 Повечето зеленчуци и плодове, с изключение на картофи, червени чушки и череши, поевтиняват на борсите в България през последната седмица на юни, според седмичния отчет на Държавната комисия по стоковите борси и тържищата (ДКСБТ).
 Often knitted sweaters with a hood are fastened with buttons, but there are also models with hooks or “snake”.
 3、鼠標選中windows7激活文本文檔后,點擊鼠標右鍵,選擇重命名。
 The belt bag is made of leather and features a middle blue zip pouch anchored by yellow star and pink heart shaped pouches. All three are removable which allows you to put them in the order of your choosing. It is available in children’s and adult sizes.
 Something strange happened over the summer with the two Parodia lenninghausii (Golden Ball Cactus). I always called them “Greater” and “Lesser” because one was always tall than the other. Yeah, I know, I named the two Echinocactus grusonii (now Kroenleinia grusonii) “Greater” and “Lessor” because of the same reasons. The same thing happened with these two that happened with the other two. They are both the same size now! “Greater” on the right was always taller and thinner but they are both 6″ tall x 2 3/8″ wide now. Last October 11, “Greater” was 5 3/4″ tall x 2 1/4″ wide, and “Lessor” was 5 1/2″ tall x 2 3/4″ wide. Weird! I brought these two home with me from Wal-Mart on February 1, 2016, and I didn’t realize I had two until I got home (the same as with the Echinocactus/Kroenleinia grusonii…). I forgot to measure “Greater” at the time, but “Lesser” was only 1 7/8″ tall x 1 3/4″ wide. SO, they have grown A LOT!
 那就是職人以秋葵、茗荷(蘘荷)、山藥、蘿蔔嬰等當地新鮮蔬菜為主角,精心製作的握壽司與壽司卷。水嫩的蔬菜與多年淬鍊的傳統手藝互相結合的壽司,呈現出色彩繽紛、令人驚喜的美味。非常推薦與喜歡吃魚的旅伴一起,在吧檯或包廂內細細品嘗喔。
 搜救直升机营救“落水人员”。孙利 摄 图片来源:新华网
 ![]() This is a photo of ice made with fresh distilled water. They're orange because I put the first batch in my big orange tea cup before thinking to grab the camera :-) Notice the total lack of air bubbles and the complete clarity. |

————

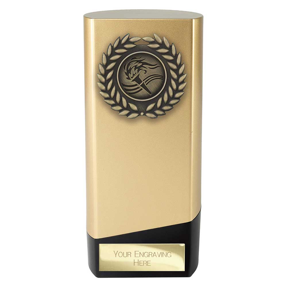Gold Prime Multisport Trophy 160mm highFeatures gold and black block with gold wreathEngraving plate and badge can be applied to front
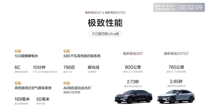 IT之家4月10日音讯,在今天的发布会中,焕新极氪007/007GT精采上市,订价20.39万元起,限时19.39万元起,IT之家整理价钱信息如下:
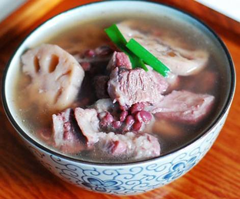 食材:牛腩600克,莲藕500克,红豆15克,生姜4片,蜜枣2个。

————

[Exercise details]:
From the data above, retype only the lines starting with the line with "IT之家4月10日音讯,在今" and going on through the line with "食材:牛腩600克,莲藕500克,红豆15克,生姜4片,蜜枣2个。", exactly, leaving out the pictures.

[Solution to this exercise]:
 IT之家4月10日音讯,在今天的发布会中,焕新极氪007/007GT精采上市,订价20.39万元起,限时19.39万元起,IT之家整理价钱信息如下:
 食材:牛腩600克,莲藕500克,红豆15克,生姜4片,蜜枣2个。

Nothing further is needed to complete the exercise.